• Your goal: Please retype the records below exactly as they appear, leaving out every picture.
══ Data extracts
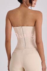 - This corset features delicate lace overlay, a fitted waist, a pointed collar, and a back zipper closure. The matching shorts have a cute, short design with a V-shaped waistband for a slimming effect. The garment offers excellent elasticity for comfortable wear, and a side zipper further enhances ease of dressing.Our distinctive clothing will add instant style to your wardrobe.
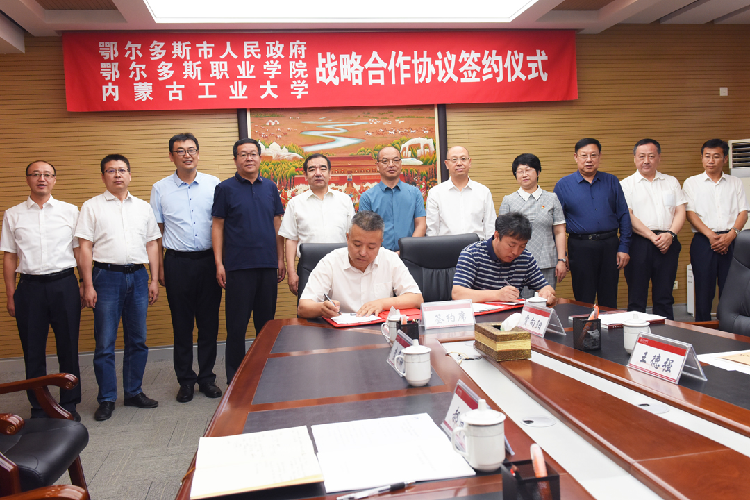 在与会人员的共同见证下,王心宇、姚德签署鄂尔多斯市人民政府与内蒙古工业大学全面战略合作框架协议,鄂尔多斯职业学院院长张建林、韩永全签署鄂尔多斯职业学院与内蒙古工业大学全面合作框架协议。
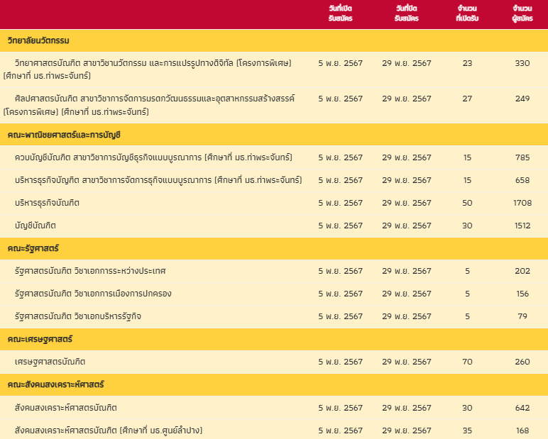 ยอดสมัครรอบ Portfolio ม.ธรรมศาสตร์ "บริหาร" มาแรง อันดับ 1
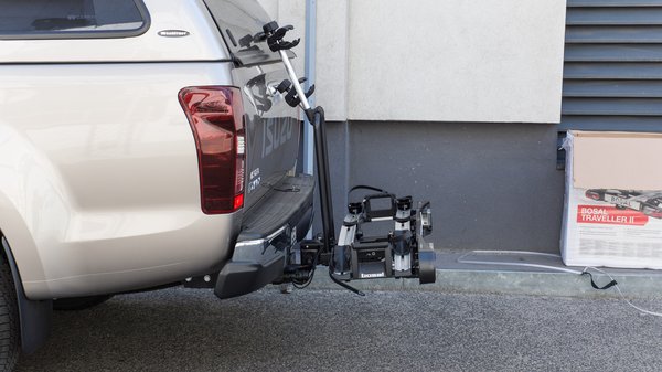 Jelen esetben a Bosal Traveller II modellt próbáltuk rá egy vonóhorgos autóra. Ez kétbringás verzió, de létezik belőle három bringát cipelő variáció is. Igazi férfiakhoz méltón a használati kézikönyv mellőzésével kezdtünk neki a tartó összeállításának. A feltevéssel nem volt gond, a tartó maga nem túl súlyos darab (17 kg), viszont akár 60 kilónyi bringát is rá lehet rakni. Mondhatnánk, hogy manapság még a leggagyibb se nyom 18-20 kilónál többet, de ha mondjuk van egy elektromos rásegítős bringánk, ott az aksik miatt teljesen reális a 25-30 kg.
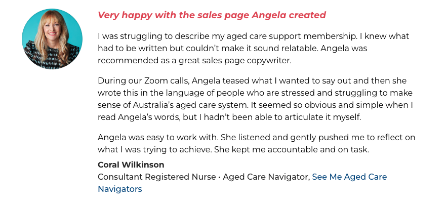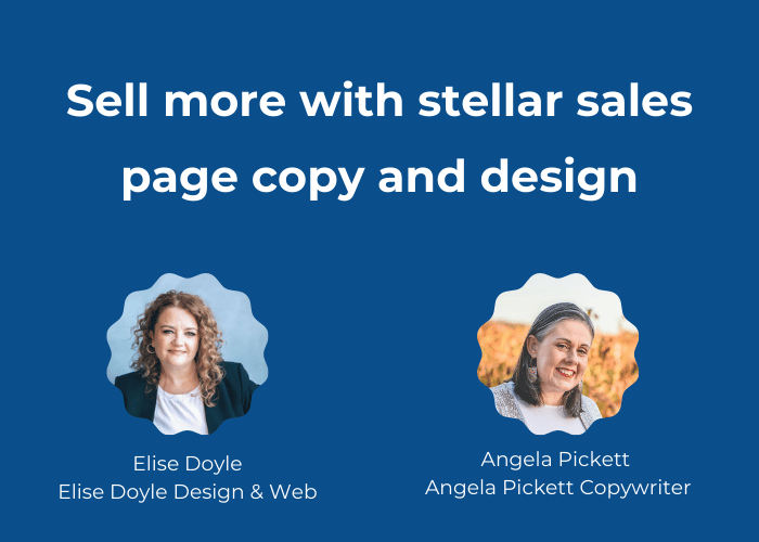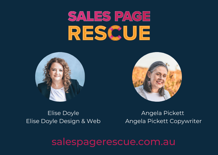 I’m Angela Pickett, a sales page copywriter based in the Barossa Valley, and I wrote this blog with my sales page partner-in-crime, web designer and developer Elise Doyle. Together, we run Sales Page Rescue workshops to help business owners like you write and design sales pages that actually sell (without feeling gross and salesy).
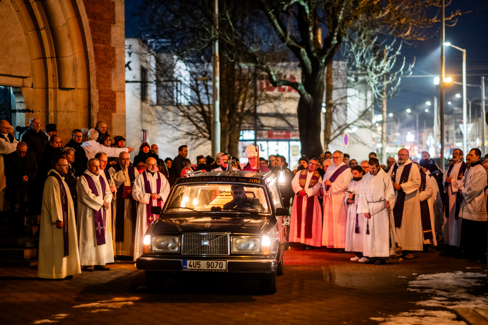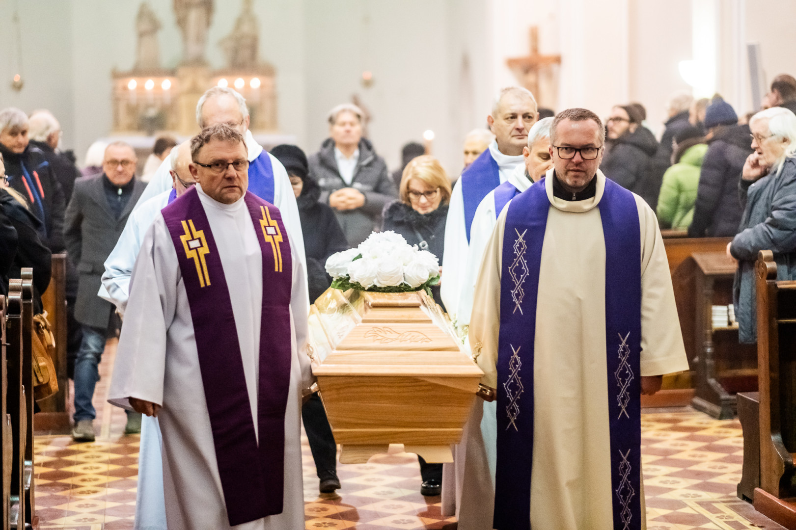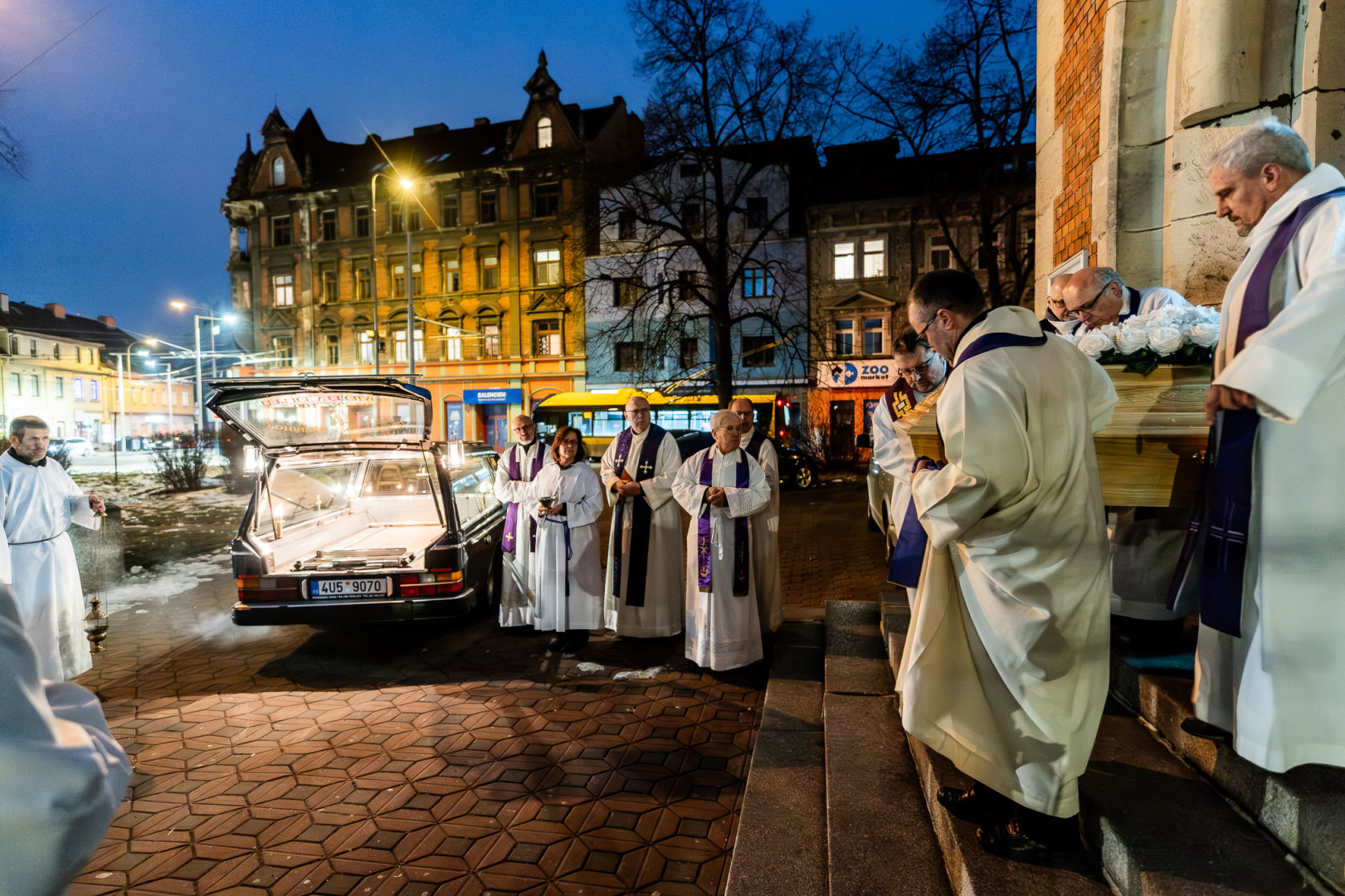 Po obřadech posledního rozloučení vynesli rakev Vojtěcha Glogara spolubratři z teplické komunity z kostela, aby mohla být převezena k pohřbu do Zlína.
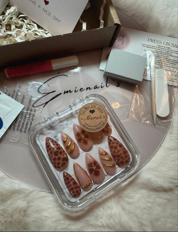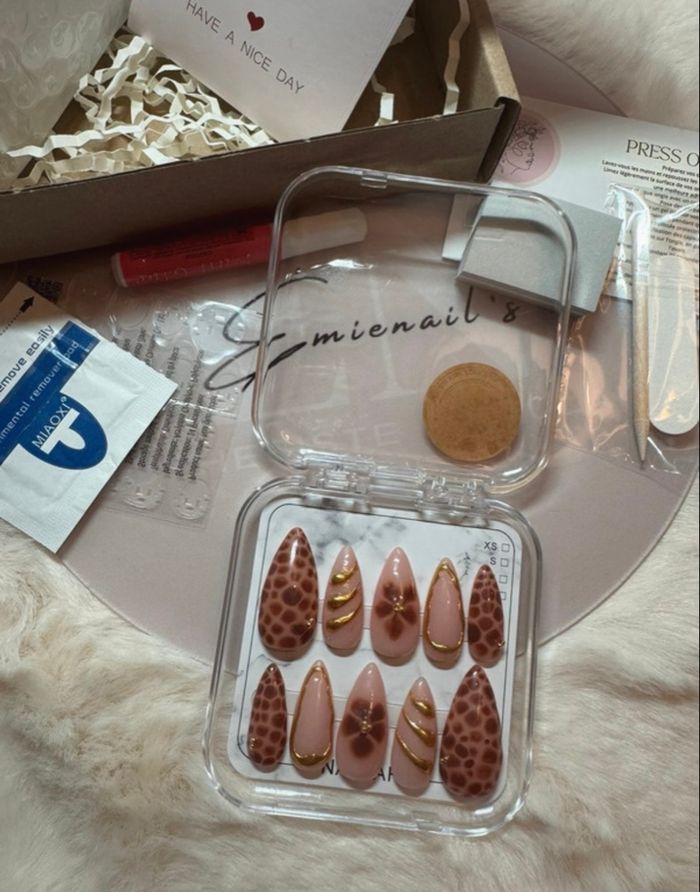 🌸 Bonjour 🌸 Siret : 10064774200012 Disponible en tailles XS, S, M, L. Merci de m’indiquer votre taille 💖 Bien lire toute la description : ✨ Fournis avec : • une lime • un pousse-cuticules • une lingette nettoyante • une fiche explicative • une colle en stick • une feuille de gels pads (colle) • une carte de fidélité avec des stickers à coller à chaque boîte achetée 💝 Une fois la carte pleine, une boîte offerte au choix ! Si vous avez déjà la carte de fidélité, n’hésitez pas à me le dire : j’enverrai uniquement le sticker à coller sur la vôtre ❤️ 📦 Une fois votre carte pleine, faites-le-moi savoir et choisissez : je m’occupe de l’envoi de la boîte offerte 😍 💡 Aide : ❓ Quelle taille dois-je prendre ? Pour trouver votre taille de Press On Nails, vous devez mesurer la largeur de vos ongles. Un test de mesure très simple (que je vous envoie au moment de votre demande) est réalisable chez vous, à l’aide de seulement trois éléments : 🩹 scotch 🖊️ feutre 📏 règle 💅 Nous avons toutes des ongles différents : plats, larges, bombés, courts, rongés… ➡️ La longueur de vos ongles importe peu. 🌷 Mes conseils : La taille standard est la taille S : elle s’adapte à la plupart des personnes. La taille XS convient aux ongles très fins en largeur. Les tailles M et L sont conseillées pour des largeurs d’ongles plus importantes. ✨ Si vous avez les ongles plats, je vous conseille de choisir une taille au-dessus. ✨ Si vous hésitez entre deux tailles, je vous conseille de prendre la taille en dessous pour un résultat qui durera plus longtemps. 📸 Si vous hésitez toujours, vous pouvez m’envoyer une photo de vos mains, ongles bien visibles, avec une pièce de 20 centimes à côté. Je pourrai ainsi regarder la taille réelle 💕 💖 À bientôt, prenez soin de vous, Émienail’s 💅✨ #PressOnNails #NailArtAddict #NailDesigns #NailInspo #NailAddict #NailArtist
════
• Answer for this exercise:
 - This corset features delicate lace overlay, a fitted waist, a pointed collar, and a back zipper closure. The matching shorts have a cute, short design with a V-shaped waistband for a slimming effect. The garment offers excellent elasticity for comfortable wear, and a side zipper further enhances ease of dressing.Our distinctive clothing will add instant style to your wardrobe.
 在与会人员的共同见证下,王心宇、姚德签署鄂尔多斯市人民政府与内蒙古工业大学全面战略合作框架协议,鄂尔多斯职业学院院长张建林、韩永全签署鄂尔多斯职业学院与内蒙古工业大学全面合作框架协议。
 ยอดสมัครรอบ Portfolio ม.ธรรมศาสตร์ "บริหาร" มาแรง อันดับ 1
 Jelen esetben a Bosal Traveller II modellt próbáltuk rá egy vonóhorgos autóra. Ez kétbringás verzió, de létezik belőle három bringát cipelő variáció is. Igazi férfiakhoz méltón a használati kézikönyv mellőzésével kezdtünk neki a tartó összeállításának. A feltevéssel nem volt gond, a tartó maga nem túl súlyos darab (17 kg), viszont akár 60 kilónyi bringát is rá lehet rakni. Mondhatnánk, hogy manapság még a leggagyibb se nyom 18-20 kilónál többet, de ha mondjuk van egy elektromos rásegítős bringánk, ott az aksik miatt teljesen reális a 25-30 kg.
 I’m Angela Pickett, a sales page copywriter based in the Barossa Valley, and I wrote this blog with my sales page partner-in-crime, web designer and developer Elise Doyle. Together, we run Sales Page Rescue workshops to help business owners like you write and design sales pages that actually sell (without feeling gross and salesy).
 Po obřadech posledního rozloučení vynesli rakev Vojtěcha Glogara spolubratři z teplické komunity z kostela, aby mohla být převezena k pohřbu do Zlína.
 🌸 Bonjour 🌸 Siret : 10064774200012 Disponible en tailles XS, S, M, L. Merci de m’indiquer votre taille 💖 Bien lire toute la description : ✨ Fournis avec : • une lime • un pousse-cuticules • une lingette nettoyante • une fiche explicative • une colle en stick • une feuille de gels pads (colle) • une carte de fidélité avec des stickers à coller à chaque boîte achetée 💝 Une fois la carte pleine, une boîte offerte au choix ! Si vous avez déjà la carte de fidélité, n’hésitez pas à me le dire : j’enverrai uniquement le sticker à coller sur la vôtre ❤️ 📦 Une fois votre carte pleine, faites-le-moi savoir et choisissez : je m’occupe de l’envoi de la boîte offerte 😍 💡 Aide : ❓ Quelle taille dois-je prendre ? Pour trouver votre taille de Press On Nails, vous devez mesurer la largeur de vos ongles. Un test de mesure très simple (que je vous envoie au moment de votre demande) est réalisable chez vous, à l’aide de seulement trois éléments : 🩹 scotch 🖊️ feutre 📏 règle 💅 Nous avons toutes des ongles différents : plats, larges, bombés, courts, rongés… ➡️ La longueur de vos ongles importe peu. 🌷 Mes conseils : La taille standard est la taille S : elle s’adapte à la plupart des personnes. La taille XS convient aux ongles très fins en largeur. Les tailles M et L sont conseillées pour des largeurs d’ongles plus importantes. ✨ Si vous avez les ongles plats, je vous conseille de choisir une taille au-dessus. ✨ Si vous hésitez entre deux tailles, je vous conseille de prendre la taille en dessous pour un résultat qui durera plus longtemps. 📸 Si vous hésitez toujours, vous pouvez m’envoyer une photo de vos mains, ongles bien visibles, avec une pièce de 20 centimes à côté. Je pourrai ainsi regarder la taille réelle 💕 💖 À bientôt, prenez soin de vous, Émienail’s 💅✨ #PressOnNails #NailArtAddict #NailDesigns #NailInspo #NailAddict #NailArtist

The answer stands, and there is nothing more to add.